About
Elaina Kay comes by her self-reliance naturally. She grew up on her family’s ranch in Wichita Falls, Texas, south of the Oklahoma border known as “Texoma”. Up at 4 a.m. every day, she rode cutting horses, worked cattle, and did any other chore in between. “There was always something to do––being lazy wasn’t an option,” she says. “Then, it was a pain in my ass, but now, I appreciate it.”

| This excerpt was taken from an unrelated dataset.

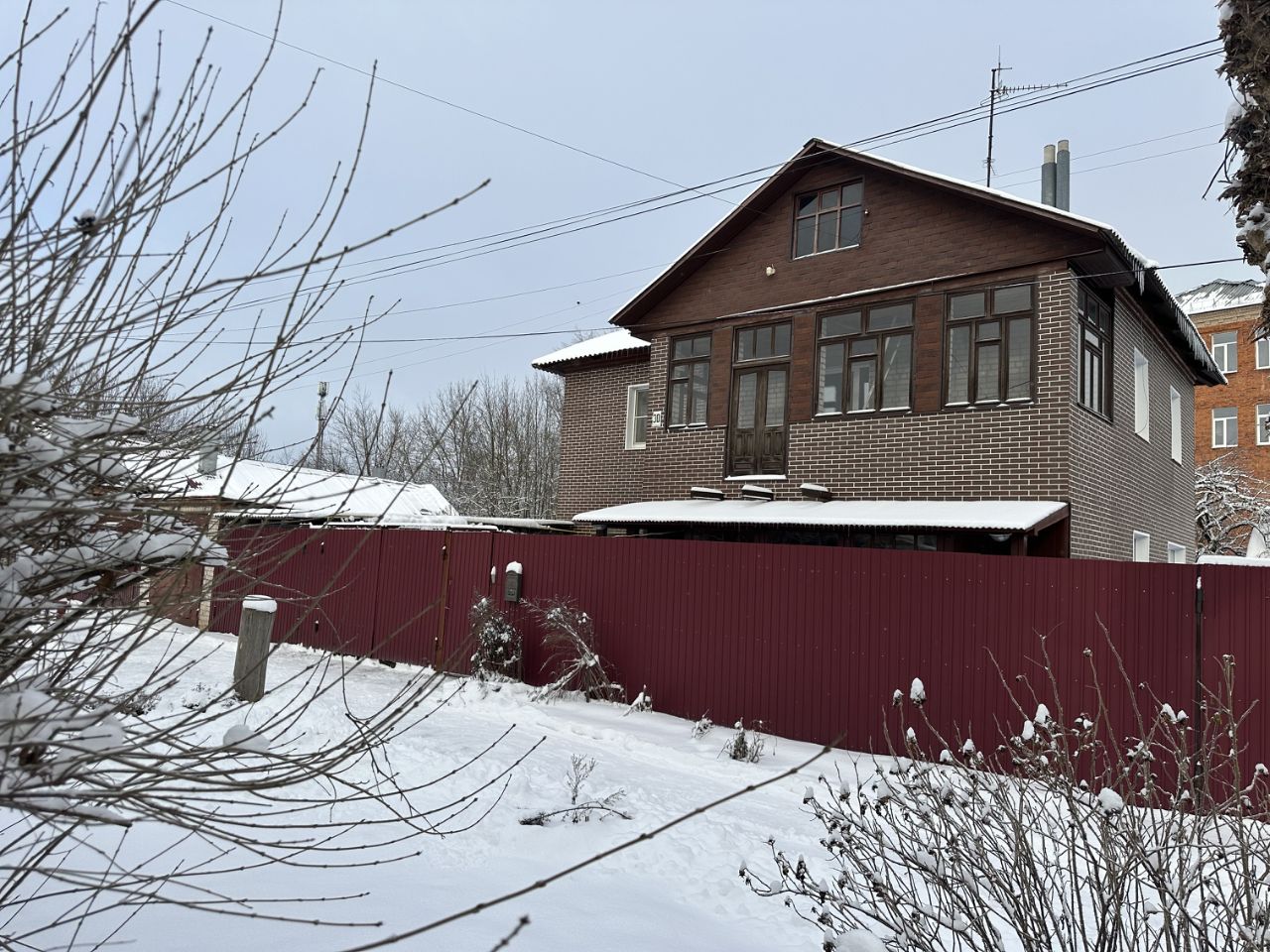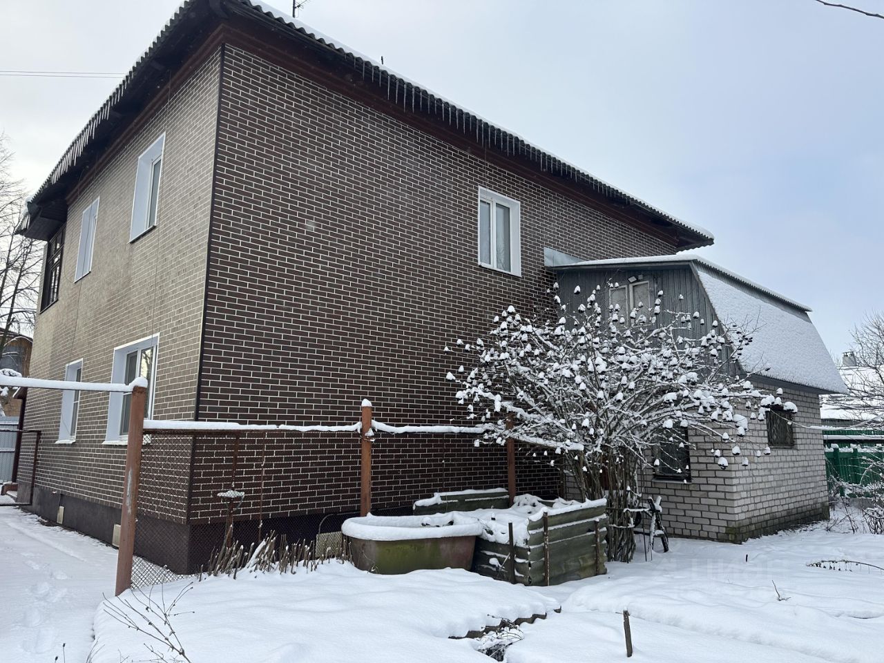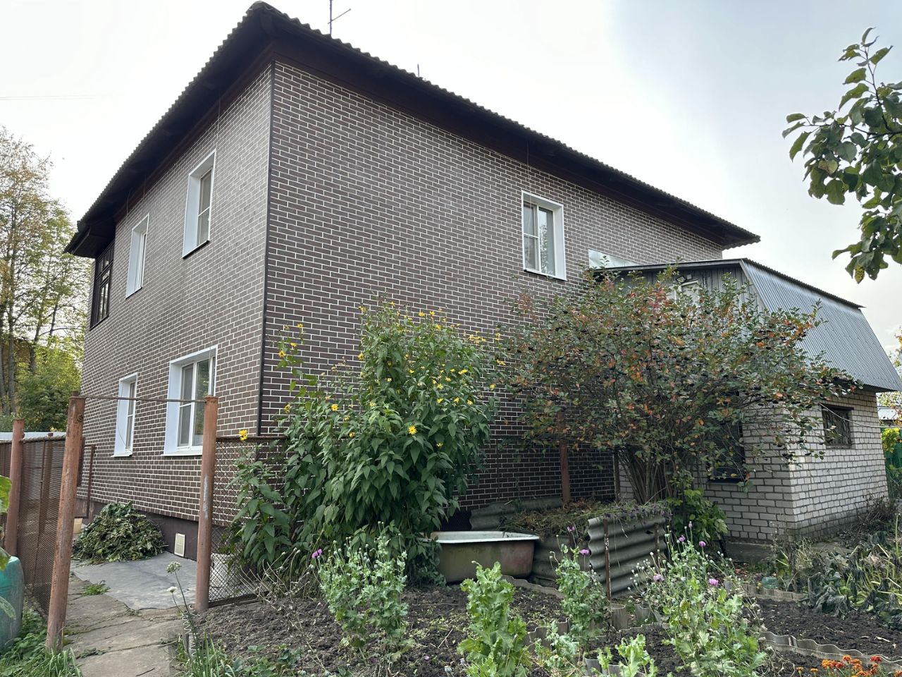 Дом 1993 года постройки, 2 этажа, толстые кирпичные стены. Общая площадь - 170 кв метров (из них 37 кв метров большой гараж).

In between working at dawn and dusk, Kay discovered music. Her grandmother, Memaw, noticed, and took her to perform at county fairs, beauty pageants, nursing homes, and everything in between. Kay remembers vividly when she began composing her own songs. They were living in a single-wide trailer while her dad built the family a new house. “He was stubborn and building it by himself,” she says. “He said, ‘We’ll be in this trailer for six months.’ Well, we ended up being there for about three years. I hated it. But now, I see I had more fun and more great memories living in that trailer. That is where I really started writing.” Country kids are the last to be dropped off, so on long bus rides home from school, she also took pen to paper.
For college, Kay loaded up two horses and her dog and headed to Tarleton State University, where she joined the rodeo team. “Rodeoing trained me to be on the road like I am now,” she says. “I was traveling then, too, just with horses instead of with long-haired dudes in a band.”
Kay’s album Issues, was produced by Paul Cauthen and Jeff Saenz and features fellow Lone Star State musicians the Texas Gentlemen as the backing band. Kay has been on the road supporting Rhett Miller of the Old 97’s, opened a handful of sold-out shows for Wynonna Judd, then headed out on a west coast tour with Jason Bolland & The Stragglers.
Currently a resident of Arlington, TX, Kay has been nominated for a Dallas Observer Music Award as well as a Central Track Music Honor for “Best Country Act”.
Kay’s talent doesn’t stop at music; she is a multi-faceted business woman and entrepreneur. She is currently a ranch realtor and founder of Cornbread and Country, an annual food and music festival at Sons of Hermann Hall, which is coming up for its sixth year in January.